▶ **Instructions for the task**
Look below for the line that contains "Magogo was flanked" and the line that contains "二枚潮などの潮が悪い状況でも", then restate both of them and every line in between, exactly. No picture goes in the copy.

▶ **Provided entries**
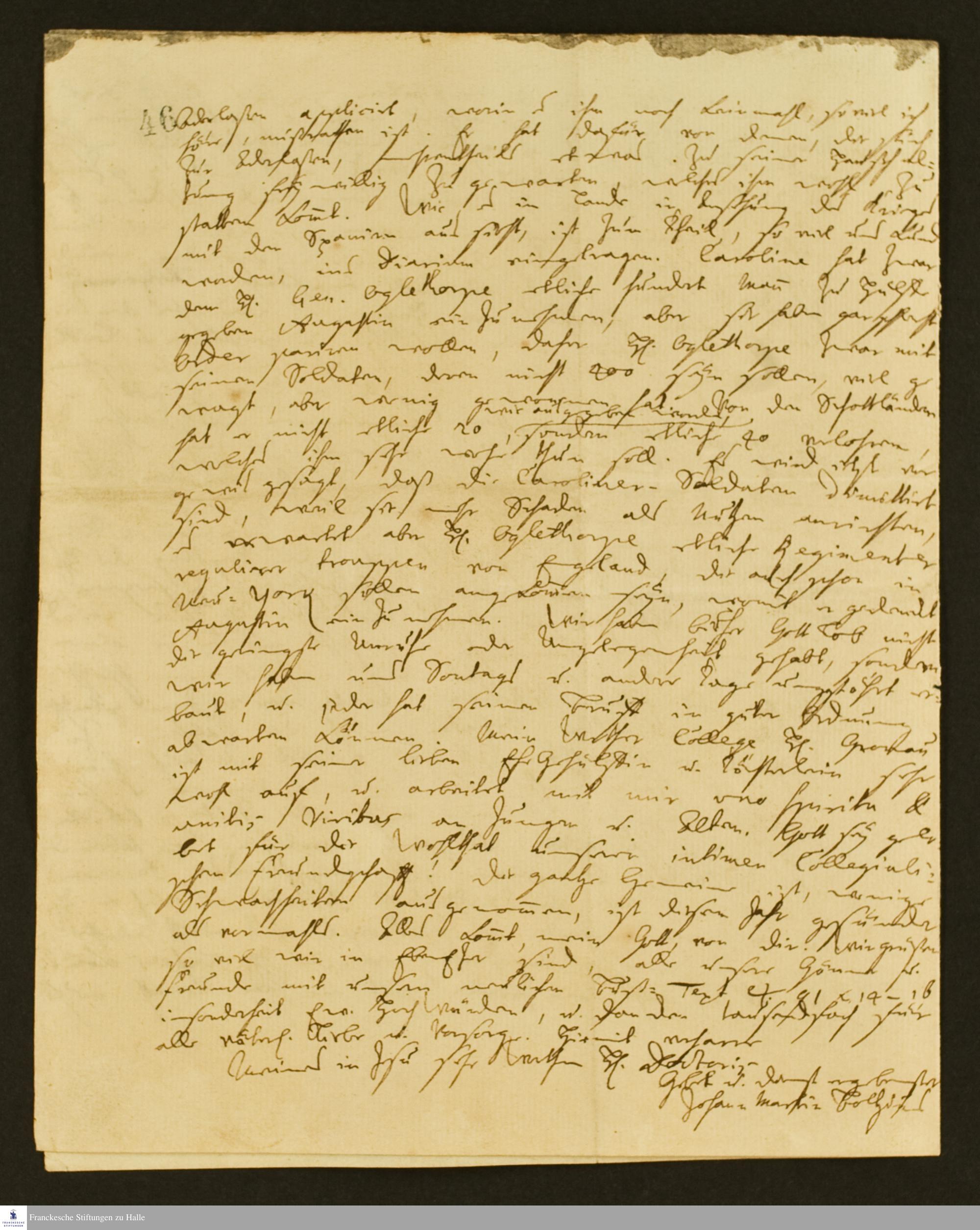 Brief von Johann Martin Boltzius an Gotthilf August Francke über die Dankbarkeit der Kinder für den Erhalt der Warensendung mit Leinen und Medikamenten aus Halle, das gute Verhältnis der Pastoren zu Christian Ernst Thilo sowie einen militärischen Mißerfolg James Edward Oglethorpes.
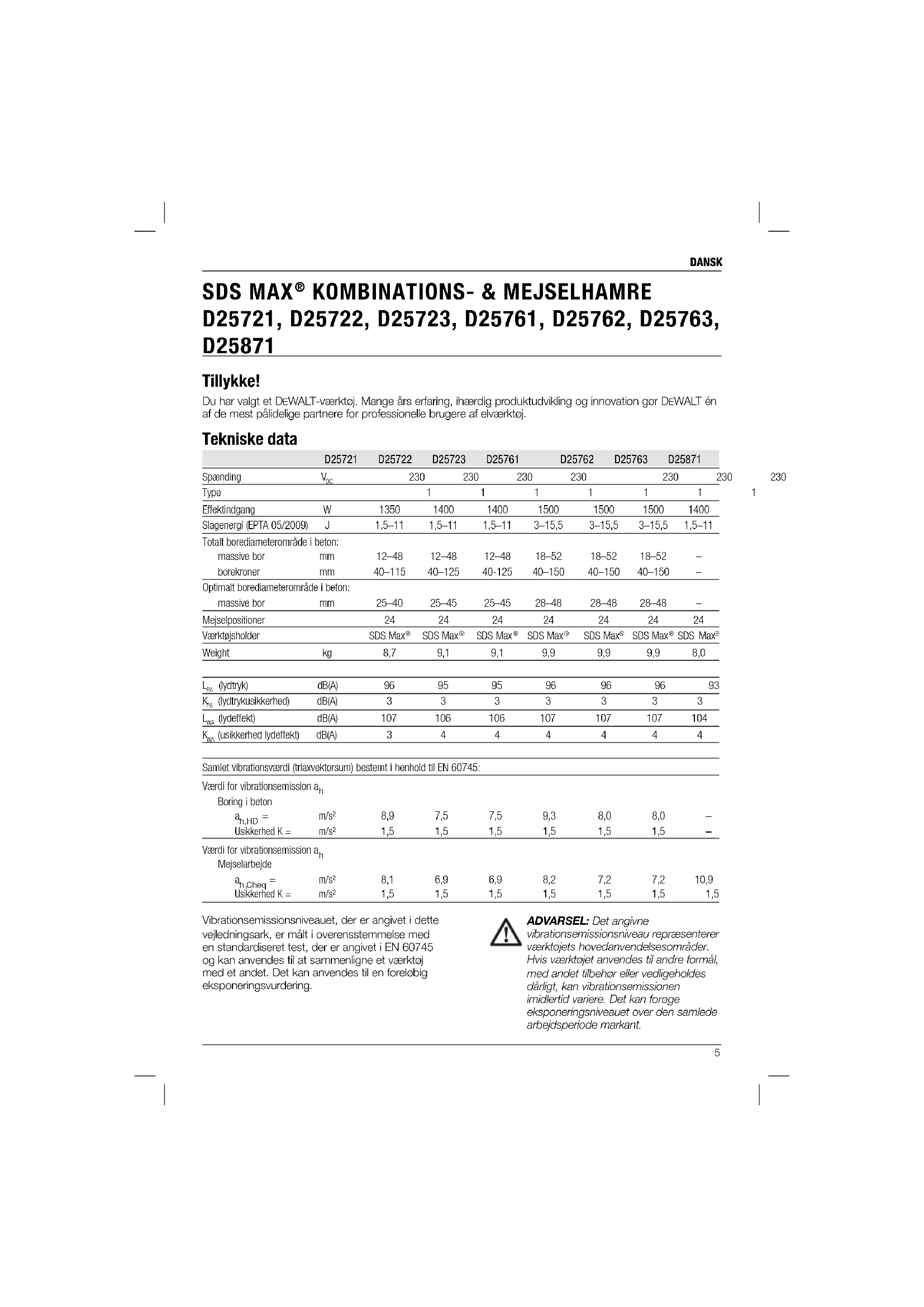 Tillykke! Du har valgt et DEWALT-værktøj. Mange års erfaring, ihærdig produktudvikling og innovation gør DEWALT én af de mest pålidelige partnere for professionelle brugere af elværktøj. Tekniske data D25721 D25722 D25723 D25761 D25762 D25763 D25871 Spænding V
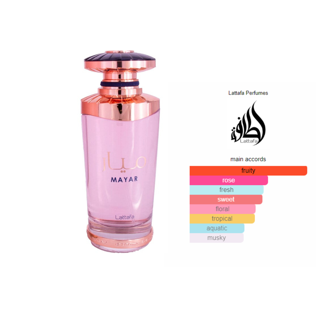 Embalagem: O frasco de Mayar é elegante e feminino, refletindo a sofisticação e a doçura da fragrância. Com um design atraente e moderno, é uma adição encantadora a qualquer coleção de perfumes e um presente ideal para amantes de fragrâncias florais e frutadas.
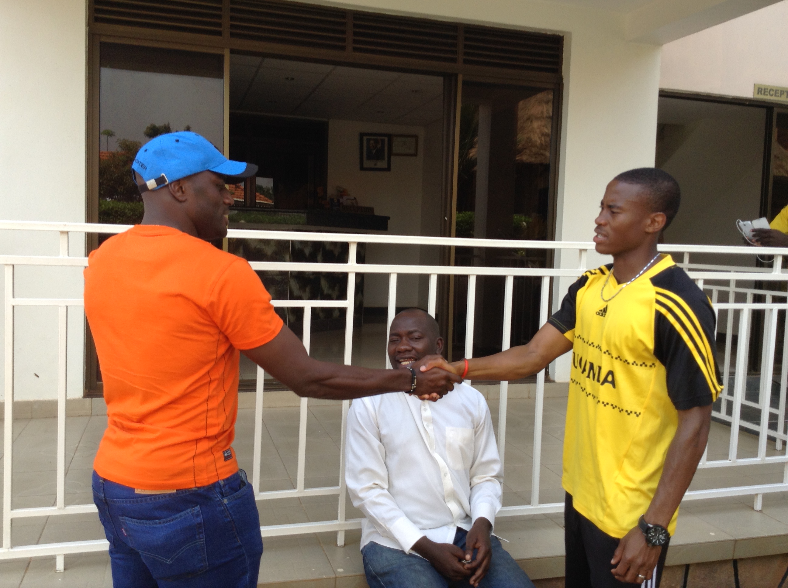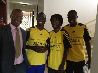 Magogo was flanked by the FUFA Finance Director Decolas Kiiza and Spokesperson Ahmed Hussein. The FUFA Vice President and chairman Technical committee Mujib Kasule also attended.
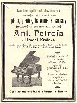 | Advertisement of Czech piano manufacturer Antonín Petrof in Calendar of Zlatá Praha on year 1895 | Kalendář Zlaté Prahy na rok 1895, online http://kramerius.nkp.cz/kramerius/handle/ABA001/19142265 | neuveden/unlisted | Datei:Inzerát Petrof 1895.jpg | |
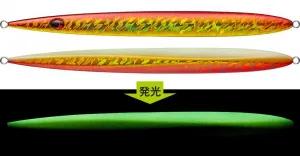 二枚潮などの潮が悪い状況でもスピーディに底取りができ、そして狙った動きを演出して誘うことができる圧倒的な操作性にこだわり、「上げ(ジャーク)」「下げ(フォール)」双方向に水抜けの良いノーズ&テール形状、かつ魚影が薄い状況でも視覚効果による高い集魚力で広範囲から魚を引き寄せてくれる扁平ロングシルエットを条件にデザイン。つまり「潮が悪い」「魚影が薄い」……そんな渋い状況でも釣果を絞り出せる切り札、それがサトウジグのコンセプトなのだ。細部の形状の詰めは船上で行い、佐藤自ら手削りで性能を理想レベルまで磨き上げた原型を製品に。「自分の中では最高の出来。」と佐藤。浅海・中深海の様々な魚種の攻略において、更なる釣果を叩き出すポテンシャルを持つ、凄いジグが完成した。
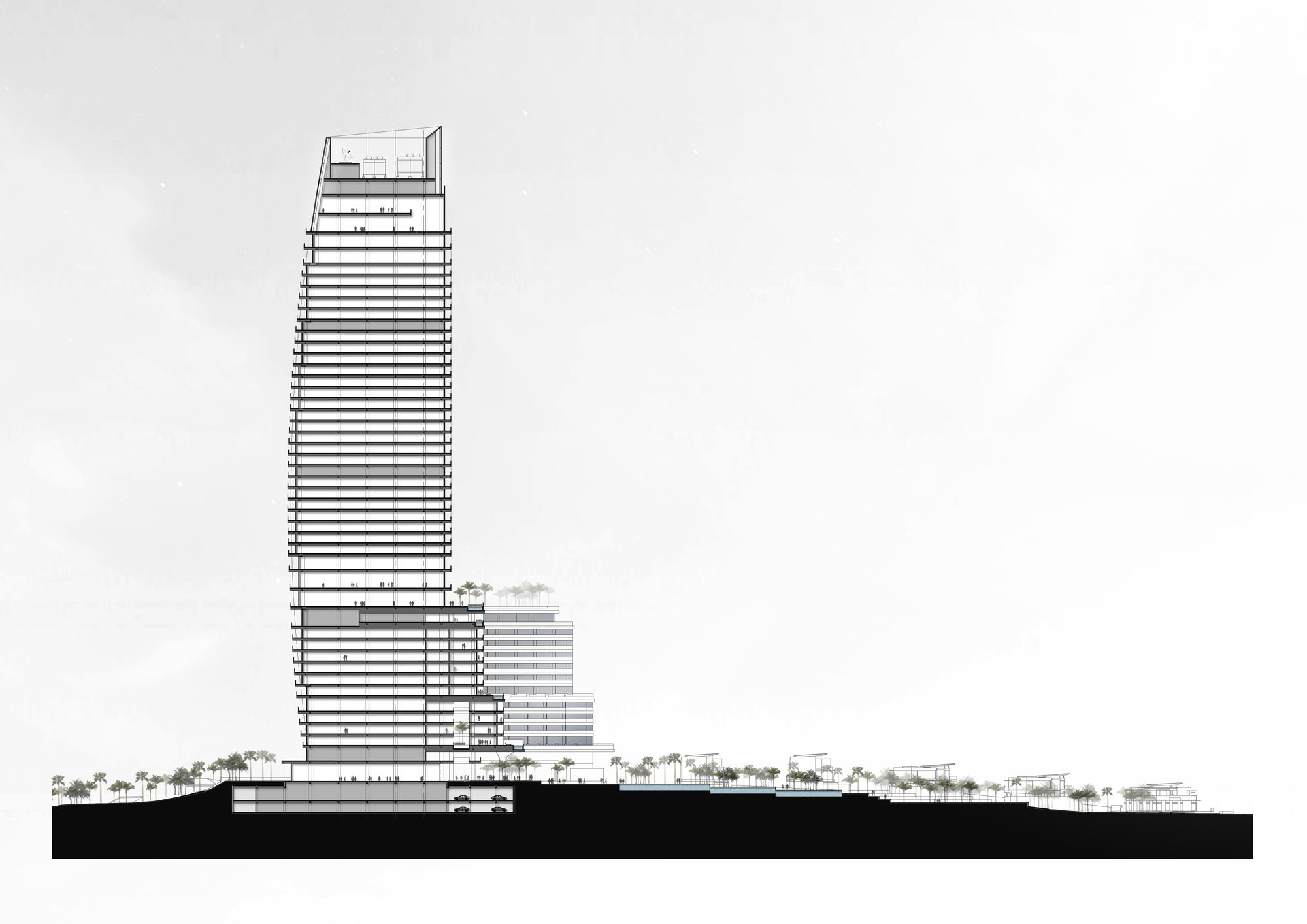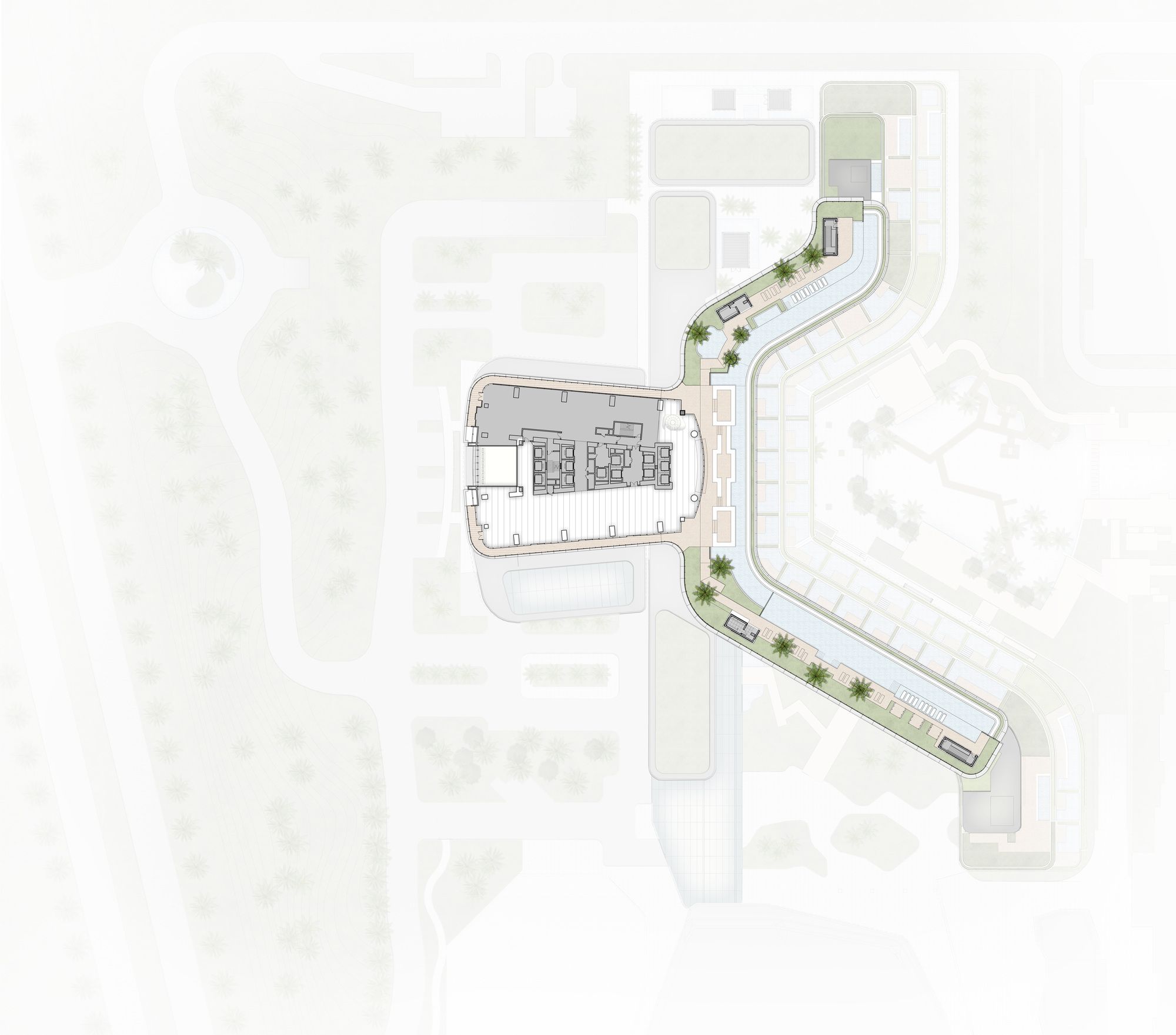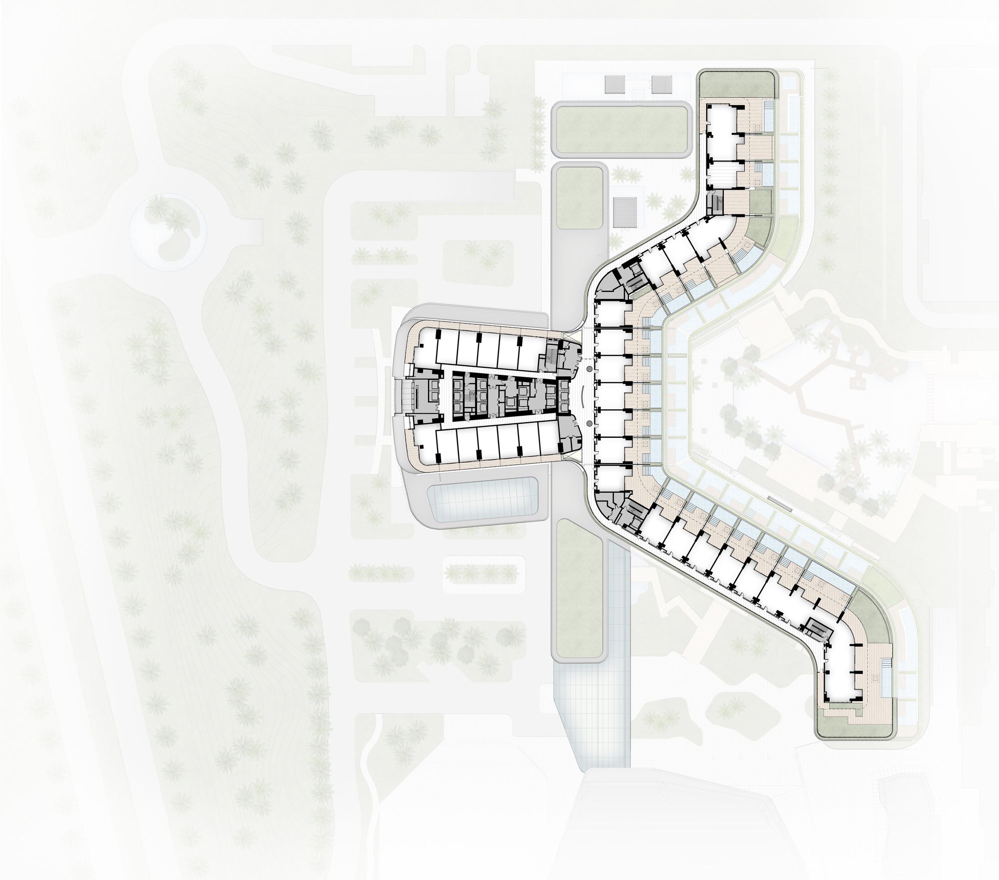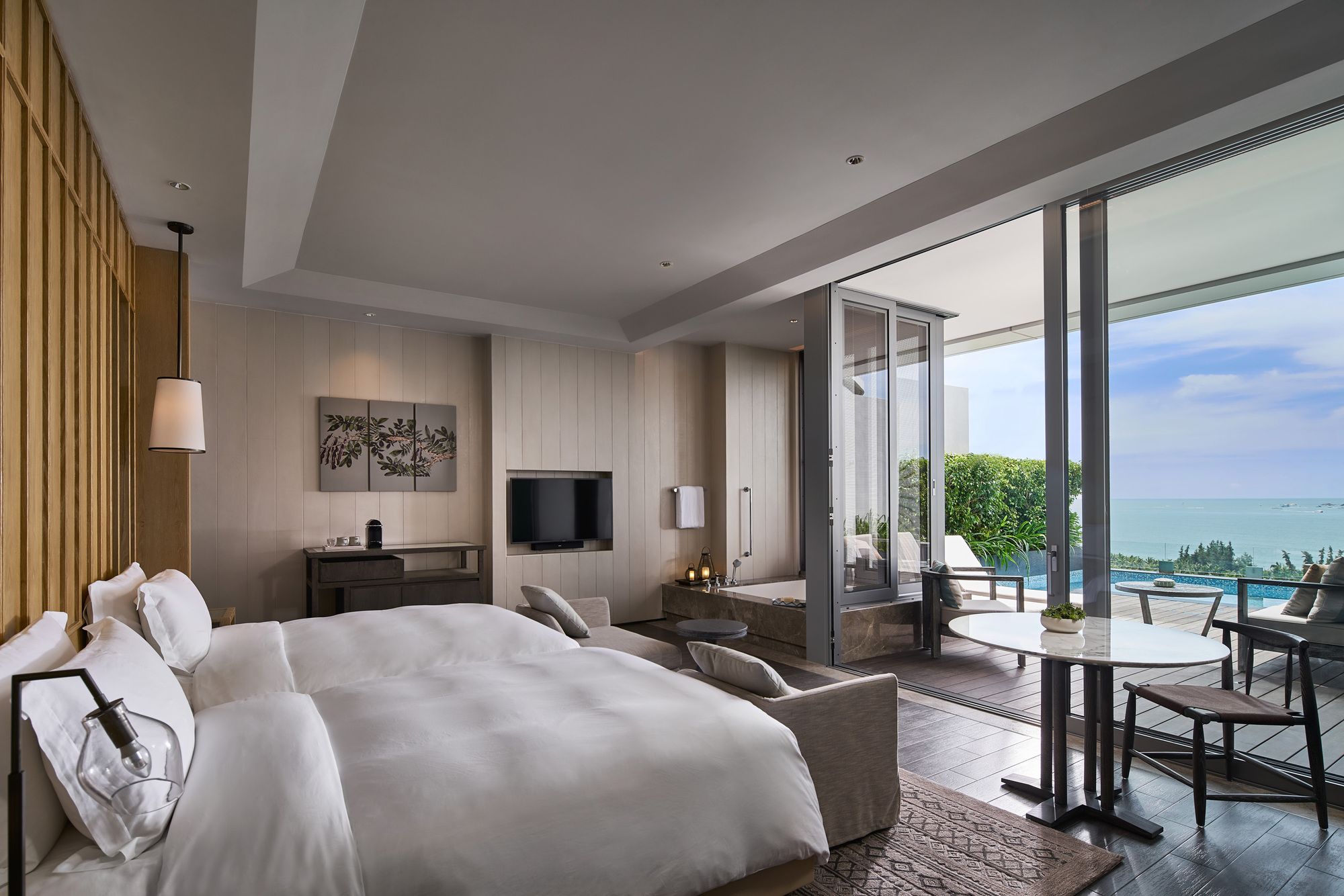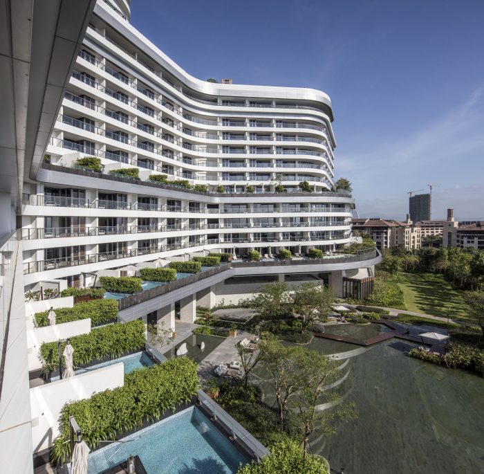 The amenity-rich resort is purposely designed to be intimate and exclusive, offering a limited 246 generously sized rooms—all with ocean views and individual terraces, some with their own plunge pool. The 465 serviced apartments are located in the main tower, which sits immediately behind the low, linear bar of hotel rooms. The top of the tower features a multilevel club for the exclusive use of the apartment residents and culminates in the iconic “lighthouse beacon.” The Sanya Forum is designed as a premier convention facility, catering to national and international economic and political summits, as well as a variety of other meetings and special events.

▶ **Reply to the exercise**
 Magogo was flanked by the FUFA Finance Director Decolas Kiiza and Spokesperson Ahmed Hussein. The FUFA Vice President and chairman Technical committee Mujib Kasule also attended.
 | Advertisement of Czech piano manufacturer Antonín Petrof in Calendar of Zlatá Praha on year 1895 | Kalendář Zlaté Prahy na rok 1895, online http://kramerius.nkp.cz/kramerius/handle/ABA001/19142265 | neuveden/unlisted | Datei:Inzerát Petrof 1895.jpg | |
 二枚潮などの潮が悪い状況でもスピーディに底取りができ、そして狙った動きを演出して誘うことができる圧倒的な操作性にこだわり、「上げ(ジャーク)」「下げ(フォール)」双方向に水抜けの良いノーズ&テール形状、かつ魚影が薄い状況でも視覚効果による高い集魚力で広範囲から魚を引き寄せてくれる扁平ロングシルエットを条件にデザイン。つまり「潮が悪い」「魚影が薄い」……そんな渋い状況でも釣果を絞り出せる切り札、それがサトウジグのコンセプトなのだ。細部の形状の詰めは船上で行い、佐藤自ら手削りで性能を理想レベルまで磨き上げた原型を製品に。「自分の中では最高の出来。」と佐藤。浅海・中深海の様々な魚種の攻略において、更なる釣果を叩き出すポテンシャルを持つ、凄いジグが完成した。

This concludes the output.